→ Assignment
Skip the pictures, and retype the data below in full, exactly.

• • • • •

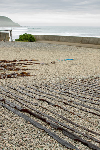 現在の様似では、コンブ干場にかんらん岩のかけらを敷いている。コンブ干しをしていた漁師さんは、「前は玉砂利を使っていたけれど、かんらん岩は重くてコンブにくっつかないからいい。風通しもいいしね」と話す。コンブは1日で干さないと、白っぽくなり評価が下がってしまうので、乾きの良さは重要だとか。「地元のかんらん岩を使ってるんだよ。知ってるかい、アポイ岳の」と誇らしげに言い、切り揃えて出たコンブの端っこをたくさん持たせてくれた。
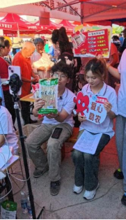 “家人们,看过来!现在我们在八角村赶大集的现场,瞧瞧这热气腾腾的炖菜,里面晶莹透亮的就是咱们八角村的红薯粉,纯手工制作,不添加任何东西,口感爽滑有嚼劲,久煮还不烂!”活动当天,员工主播站在熙熙攘攘的集市中,对着手机镜头激情洋溢地介绍。吆喝声、谈笑声交织的集市里,师生团队将直播间“搬进”摊位间,用镜头全方位展示大集的热闹场景与红薯粉的独特魅力。
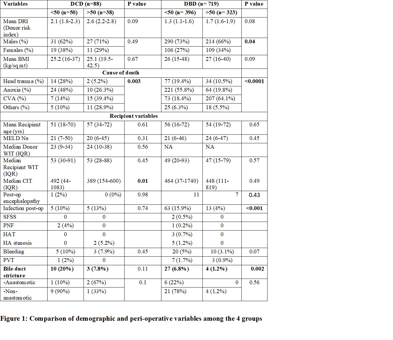 Methods: All patients having undergone DDLT between January 2016 and December 2021 were included in the study. The population was divided into 4 groups: DCD grafts (<50 years and >50 years) and DBD (Donation after brain death) grafts (<50 years and >50 years). The peri-operative and post-operative outcomes were compared. The borderline grafts having placed on Organox machine perfusion for optimisation were excluded from the study (n=38).
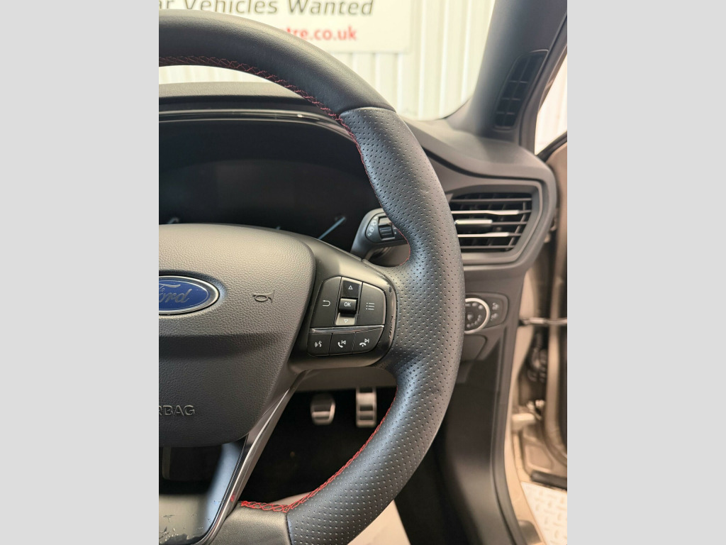 THIS VEHICLE IS AT OUR NR1 NORWICH BRANCHTO VIEW ALL OF OUR 400+ STOCK. PLEASE CLICK ON THE ''SEE ALL CARS'' LINK OR VISIT: www.bmccarsales.com07863 863000 / 01603 854419. 17in Alloy Wheels - 5x2-Spoke - Rock Metallic, Air Conditioning - Manual, Airbags - Driver and Front Passenger, Airbags - Front Side Impact, Airbags - Front and Rear Side Curtain, Alloy Finish Pedals, Anti-Lock Braking System - ABS with Electronic Brake Force Distribution - EBD, Automatic Headlights, Body Colour Bumpers, Centre Console with Armrest, Courtesy Light - Front and Rear Passengers - Overhead Halogen and Load Compartment, Cruise Control with Speed Limiter, Door Handles - Body Colour, Door Mirrors - Heated - Electric - Integrated Side Indicators - Body Coloured, Drivers Seat Lumbar Adjust, EPAS - Electric Power Assisted Steering, Electric Parking Brake, Emergency Brake Warning, Enhanced Electronic Stability Control - ESC with Traction Control - Emergency Brake Assist - EBA - Hill Start Assist - HSA, Ford Easy Fuel - Capless Refuelling System, Ford Eco Mode - Driver Information System, Ford SYNC3 DAB Radio with Floating 6.5in Touchscreen, Front Floor Mats, Front Passenger Airbag Deactivation Switch, Front Seat - Drivers Manual Height and Fore-Aft Adjustment, Front Seat - Passengers Manual Fore-Aft Adjustment, Front Seats - Sports Style, Front Suspension - Independent with MacPherson Struts and Anti-Roll Bar, Front and Rear Seatbelt Minder, Gear Knob - Aluminium, Headlights - Halogen, Headliner - Black Woven, IPS - Intelligent Protection System, Intelligent Speed Assistance, Keyless Start with Ford Power Start Button, LED Daytime Running Lights, LED Front Fog Lights with Cornering Function, Lane Keeping Aid with Lane Departure Warning, Leather-Trimmed Handbrake, Locking Wheel Nuts, MyKey, Polished Twin Tailpipe, Post Collision Braking, Pre-Collision Assist with Autonomous Emergency Braking and Pedestrian-Cyclist Detection, Pre-Collision Assist with Pedestrian Detection, Quickclear Heated Windscreen, Rear Centre Headrest, Rear Spoiler - Body Colour - Large, Remote Central Locking and Engine Immobiliser, ST Line Stainless Steel Scuff Plates, Seats - ISOFIX Mounting Provision for Child Seats, Selectable Drive Mode, Spare Wheel - Mini Steel, Sports Tuned Suspension, Steering Column - Rake and Reach Adjustment, Steering Wheel - 3-Spoke Flat Bottom - Leather Trimmed with Red Stitching, Thatcham Category 1 Alarm, Trip Computer, Tyre Pressure Monitoring System, Unique ST-Line Upper and Lower Grille and Full Bodystyling Kit and ST-Line Wing Badges, Windows - Electrically Operated Front and Rear with One Touch Opening and Closing, Wipers - Standard with 6 Speed Interval Settings.
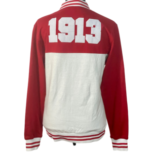 Drop sleeve light-weight sweatshirt with chenille patch design.
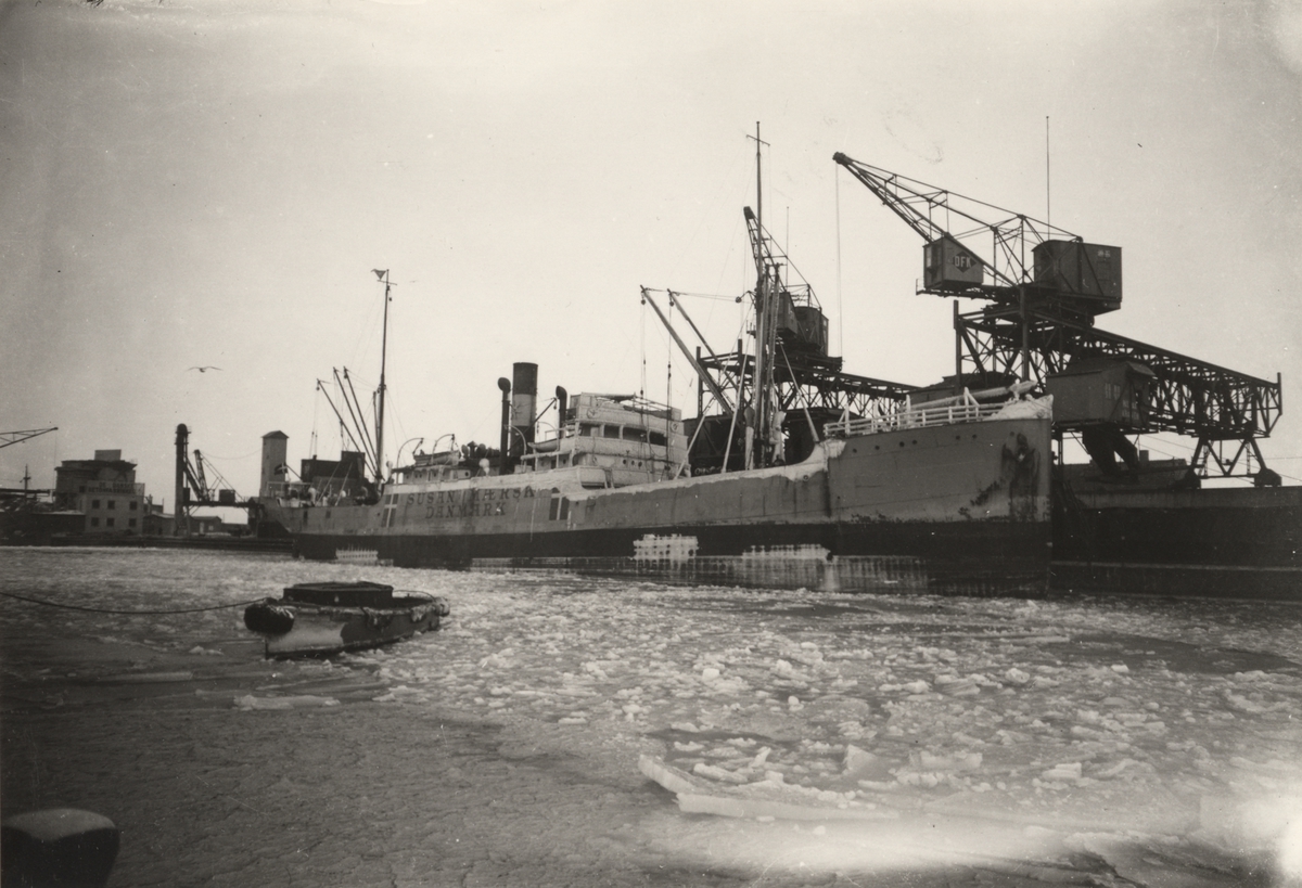 Foto i svartvitt visande lastångfartyget "SUSAN MAERSK" av Aalborg, vid kaj i Köpenhamn under 1939-41.
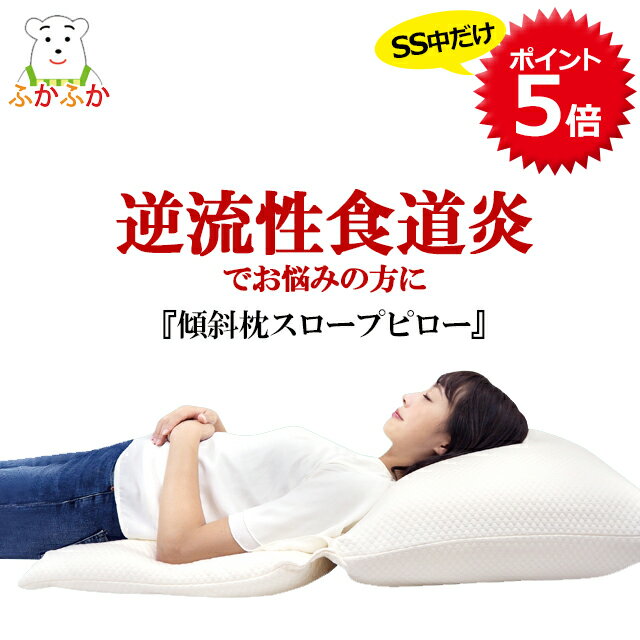 傾斜枕・スロープピローの解説 睡眠中に突然、胃酸が込み上げることはありませんか? スロープピローなら、適度な傾斜がある分厚い枕なので 無理なく上体を起こせて楽な寝姿勢がとれますから 逆流性食道炎の方や夜中に喘息の発作が起きたときの ように横になると苦しかったり辛いときの対策にもおすすめ です。
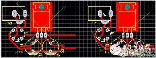 PCB設(shè)計時,元件的布局要緊湊,要讓所有的連線盡可能短,要按原理圖元件功能關(guān)系去布局元件與走線。本電源圖里就是先整流、再濾波、濾波后才是穩(wěn)壓、穩(wěn)壓后才是儲能電容、流經(jīng)電容后才給后面的電路用電。圖二是上面原理圖的PCB圖,兩個圖相似。左圖和右圖就是走線有點不一樣,左圖的電源經(jīng)整流后直接就到了穩(wěn)壓芯片的輸入腳了,然后才是穩(wěn)壓電容,這里電容所起的濾波效果就差了很多,輸出也有問題。右圖就是比較好的圖了。我們不僅要考慮正電源的流向問題,還必須考慮地回流問題,一般來說,正電源線和地回流線要盡可能同進同出,彼此離近點。
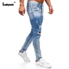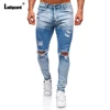 Ladguard pantalones vaqueros rasgados para hombre, pantalón informal con agujeros, estilo europeo y americano, con cremallera empalmada, Sexy, 2022
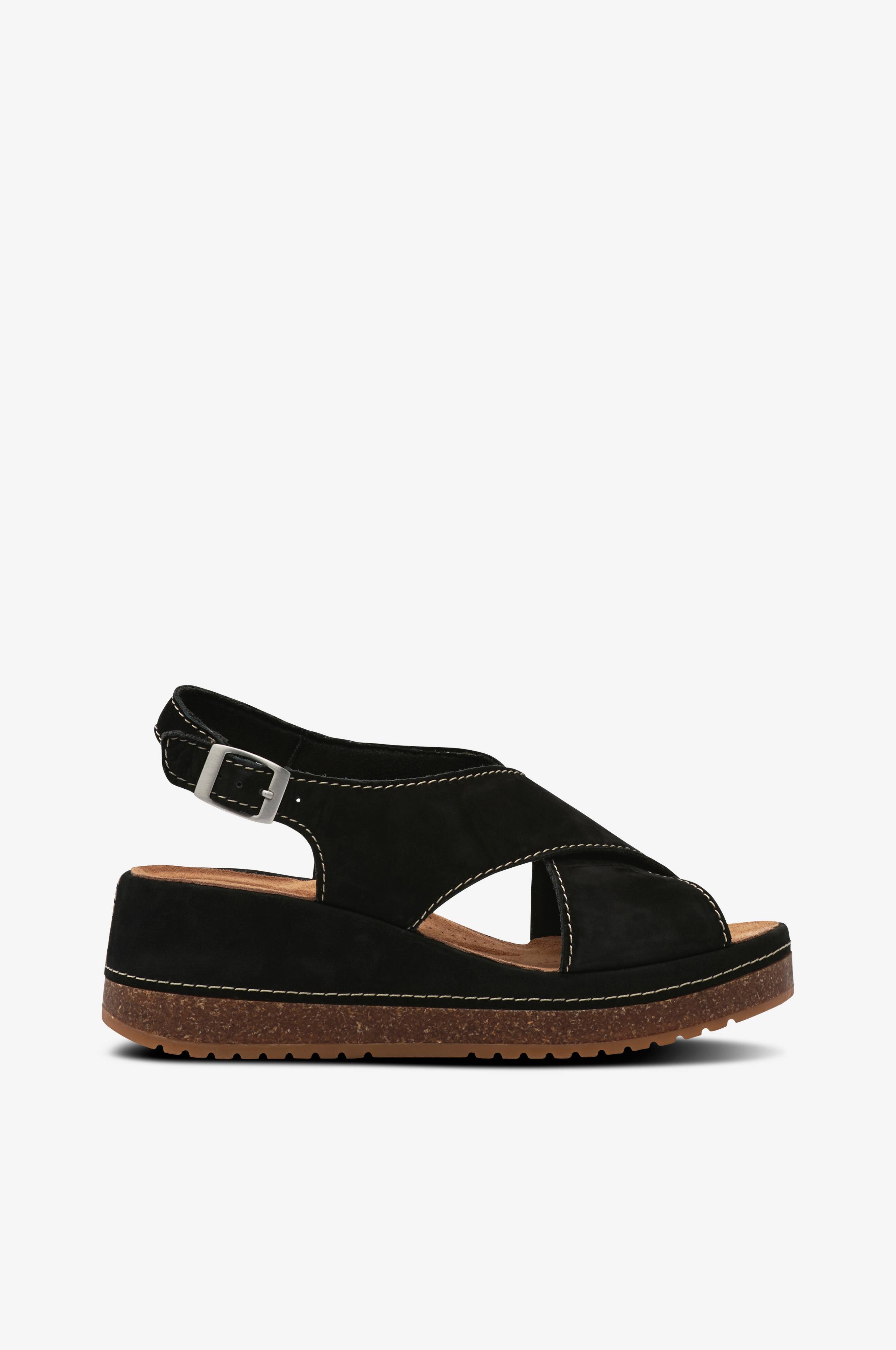 • Sandaler med wedgehæl• Krydsende remme i ruskind• Spænde ved anklen• Blød polstret indersål• Hælhøjde: 6 cm
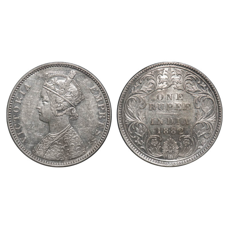 Victoria Empress, Silver, Rupee, 1882, Bombay Mint, A3/I, Dot, The Queens jabot has 3 & 3/4 panels. F. Prid 160. GK 474. About Uncirculated. Very Scarce.
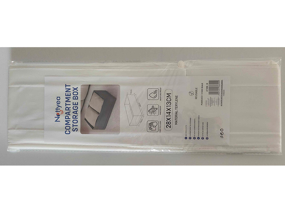 Brain organizer apakšveļas zeķēm drēbju atvilktne, balta, 28x14x13cm? Praktisks krūšturu un apakšveļas organizators - balts, 28x14x13 cm? Šis funkcionālais organizators ir ideāls risinājums tiem, kas vēlas uzturēt kārtību savā garderobē. Ar izmēriem , tas ir ideāli piemērots krūšturu, apakšveļas un citu nelielu apģērba gabalu glabāšanai, palīdzot maksimāli izmantot vietu atvilktnēs un skapjos.? Ideāla telpas organizācija Organizators ir izstrādāts, domājot par efektīvu telpas pārvaldību. Tas ļauj atdalīt apakšveļu, atvieglojot nepieciešamo priekšmetu ātru atrašanu un kārtības uzturēšanu garderobē. Tas ir ideāli piemērots lietošanai atvilktnēs, plauktos vai skapjos, nodrošinot labāku organizāciju un estētisku uzglabāšanu.? Izturīgs un viegli tīrāms, izgatavots no augstas kvalitātes materiāla, organizators ir izturīgs pret bojājumiem un viegli tīrāms. Tā baltā krāsa piešķir eleganci un iederas lielākajā daļā interjeru, ienesot svaigumu un kārtīgumu jūsu garderobē.? Funkcionāls dizains, pateicoties tā pārdomātajam dizainam, organizators ir viegli lietojams un to var brīvi pielāgot dažādām telpām. Tā vieglā konstrukcija ļauj to viegli pārvietot un pārkārtot pēc nepieciešamības. Tas ir neaizstājams aprīkojums ikvienam, kurš novērtē kārtību un funkcionalitāti veļas uzglabāšanā. - tehniskās specifikācijas: ✔ produkta kods: ✔ viegli tīrāms ✔ organizatora malas pastiprinātas ar kartonu ✔ plašs pielietojuma klāsts ✔ ideāli piemērots apakšveļai ✔ organizatora izmēri: ✔ materiāls: poliesters ? Komplektā ietilpst: - organizators - folijas iepakojums

• • • • •

→ Solution
 現在の様似では、コンブ干場にかんらん岩のかけらを敷いている。コンブ干しをしていた漁師さんは、「前は玉砂利を使っていたけれど、かんらん岩は重くてコンブにくっつかないからいい。風通しもいいしね」と話す。コンブは1日で干さないと、白っぽくなり評価が下がってしまうので、乾きの良さは重要だとか。「地元のかんらん岩を使ってるんだよ。知ってるかい、アポイ岳の」と誇らしげに言い、切り揃えて出たコンブの端っこをたくさん持たせてくれた。
 “家人们,看过来!现在我们在八角村赶大集的现场,瞧瞧这热气腾腾的炖菜,里面晶莹透亮的就是咱们八角村的红薯粉,纯手工制作,不添加任何东西,口感爽滑有嚼劲,久煮还不烂!”活动当天,员工主播站在熙熙攘攘的集市中,对着手机镜头激情洋溢地介绍。吆喝声、谈笑声交织的集市里,师生团队将直播间“搬进”摊位间,用镜头全方位展示大集的热闹场景与红薯粉的独特魅力。
 Methods: All patients having undergone DDLT between January 2016 and December 2021 were included in the study. The population was divided into 4 groups: DCD grafts (<50 years and >50 years) and DBD (Donation after brain death) grafts (<50 years and >50 years). The peri-operative and post-operative outcomes were compared. The borderline grafts having placed on Organox machine perfusion for optimisation were excluded from the study (n=38).
 THIS VEHICLE IS AT OUR NR1 NORWICH BRANCHTO VIEW ALL OF OUR 400+ STOCK. PLEASE CLICK ON THE ''SEE ALL CARS'' LINK OR VISIT: www.bmccarsales.com07863 863000 / 01603 854419. 17in Alloy Wheels - 5x2-Spoke - Rock Metallic, Air Conditioning - Manual, Airbags - Driver and Front Passenger, Airbags - Front Side Impact, Airbags - Front and Rear Side Curtain, Alloy Finish Pedals, Anti-Lock Braking System - ABS with Electronic Brake Force Distribution - EBD, Automatic Headlights, Body Colour Bumpers, Centre Console with Armrest, Courtesy Light - Front and Rear Passengers - Overhead Halogen and Load Compartment, Cruise Control with Speed Limiter, Door Handles - Body Colour, Door Mirrors - Heated - Electric - Integrated Side Indicators - Body Coloured, Drivers Seat Lumbar Adjust, EPAS - Electric Power Assisted Steering, Electric Parking Brake, Emergency Brake Warning, Enhanced Electronic Stability Control - ESC with Traction Control - Emergency Brake Assist - EBA - Hill Start Assist - HSA, Ford Easy Fuel - Capless Refuelling System, Ford Eco Mode - Driver Information System, Ford SYNC3 DAB Radio with Floating 6.5in Touchscreen, Front Floor Mats, Front Passenger Airbag Deactivation Switch, Front Seat - Drivers Manual Height and Fore-Aft Adjustment, Front Seat - Passengers Manual Fore-Aft Adjustment, Front Seats - Sports Style, Front Suspension - Independent with MacPherson Struts and Anti-Roll Bar, Front and Rear Seatbelt Minder, Gear Knob - Aluminium, Headlights - Halogen, Headliner - Black Woven, IPS - Intelligent Protection System, Intelligent Speed Assistance, Keyless Start with Ford Power Start Button, LED Daytime Running Lights, LED Front Fog Lights with Cornering Function, Lane Keeping Aid with Lane Departure Warning, Leather-Trimmed Handbrake, Locking Wheel Nuts, MyKey, Polished Twin Tailpipe, Post Collision Braking, Pre-Collision Assist with Autonomous Emergency Braking and Pedestrian-Cyclist Detection, Pre-Collision Assist with Pedestrian Detection, Quickclear Heated Windscreen, Rear Centre Headrest, Rear Spoiler - Body Colour - Large, Remote Central Locking and Engine Immobiliser, ST Line Stainless Steel Scuff Plates, Seats - ISOFIX Mounting Provision for Child Seats, Selectable Drive Mode, Spare Wheel - Mini Steel, Sports Tuned Suspension, Steering Column - Rake and Reach Adjustment, Steering Wheel - 3-Spoke Flat Bottom - Leather Trimmed with Red Stitching, Thatcham Category 1 Alarm, Trip Computer, Tyre Pressure Monitoring System, Unique ST-Line Upper and Lower Grille and Full Bodystyling Kit and ST-Line Wing Badges, Windows - Electrically Operated Front and Rear with One Touch Opening and Closing, Wipers - Standard with 6 Speed Interval Settings.
 Drop sleeve light-weight sweatshirt with chenille patch design.
 Foto i svartvitt visande lastångfartyget "SUSAN MAERSK" av Aalborg, vid kaj i Köpenhamn under 1939-41.
 傾斜枕・スロープピローの解説 睡眠中に突然、胃酸が込み上げることはありませんか? スロープピローなら、適度な傾斜がある分厚い枕なので 無理なく上体を起こせて楽な寝姿勢がとれますから 逆流性食道炎の方や夜中に喘息の発作が起きたときの ように横になると苦しかったり辛いときの対策にもおすすめ です。
 PCB設(shè)計時,元件的布局要緊湊,要讓所有的連線盡可能短,要按原理圖元件功能關(guān)系去布局元件與走線。本電源圖里就是先整流、再濾波、濾波后才是穩(wěn)壓、穩(wěn)壓后才是儲能電容、流經(jīng)電容后才給后面的電路用電。圖二是上面原理圖的PCB圖,兩個圖相似。左圖和右圖就是走線有點不一樣,左圖的電源經(jīng)整流后直接就到了穩(wěn)壓芯片的輸入腳了,然后才是穩(wěn)壓電容,這里電容所起的濾波效果就差了很多,輸出也有問題。右圖就是比較好的圖了。我們不僅要考慮正電源的流向問題,還必須考慮地回流問題,一般來說,正電源線和地回流線要盡可能同進同出,彼此離近點。
 Ladguard pantalones vaqueros rasgados para hombre, pantalón informal con agujeros, estilo europeo y americano, con cremallera empalmada, Sexy, 2022
 • Sandaler med wedgehæl• Krydsende remme i ruskind• Spænde ved anklen• Blød polstret indersål• Hælhøjde: 6 cm
 Victoria Empress, Silver, Rupee, 1882, Bombay Mint, A3/I, Dot, The Queens jabot has 3 & 3/4 panels. F. Prid 160. GK 474. About Uncirculated. Very Scarce.
 Brain organizer apakšveļas zeķēm drēbju atvilktne, balta, 28x14x13cm? Praktisks krūšturu un apakšveļas organizators - balts, 28x14x13 cm? Šis funkcionālais organizators ir ideāls risinājums tiem, kas vēlas uzturēt kārtību savā garderobē. Ar izmēriem , tas ir ideāli piemērots krūšturu, apakšveļas un citu nelielu apģērba gabalu glabāšanai, palīdzot maksimāli izmantot vietu atvilktnēs un skapjos.? Ideāla telpas organizācija Organizators ir izstrādāts, domājot par efektīvu telpas pārvaldību. Tas ļauj atdalīt apakšveļu, atvieglojot nepieciešamo priekšmetu ātru atrašanu un kārtības uzturēšanu garderobē. Tas ir ideāli piemērots lietošanai atvilktnēs, plauktos vai skapjos, nodrošinot labāku organizāciju un estētisku uzglabāšanu.? Izturīgs un viegli tīrāms, izgatavots no augstas kvalitātes materiāla, organizators ir izturīgs pret bojājumiem un viegli tīrāms. Tā baltā krāsa piešķir eleganci un iederas lielākajā daļā interjeru, ienesot svaigumu un kārtīgumu jūsu garderobē.? Funkcionāls dizains, pateicoties tā pārdomātajam dizainam, organizators ir viegli lietojams un to var brīvi pielāgot dažādām telpām. Tā vieglā konstrukcija ļauj to viegli pārvietot un pārkārtot pēc nepieciešamības. Tas ir neaizstājams aprīkojums ikvienam, kurš novērtē kārtību un funkcionalitāti veļas uzglabāšanā. - tehniskās specifikācijas: ✔ produkta kods: ✔ viegli tīrāms ✔ organizatora malas pastiprinātas ar kartonu ✔ plašs pielietojuma klāsts ✔ ideāli piemērots apakšveļai ✔ organizatora izmēri: ✔ materiāls: poliesters ? Komplektā ietilpst: - organizators - folijas iepakojums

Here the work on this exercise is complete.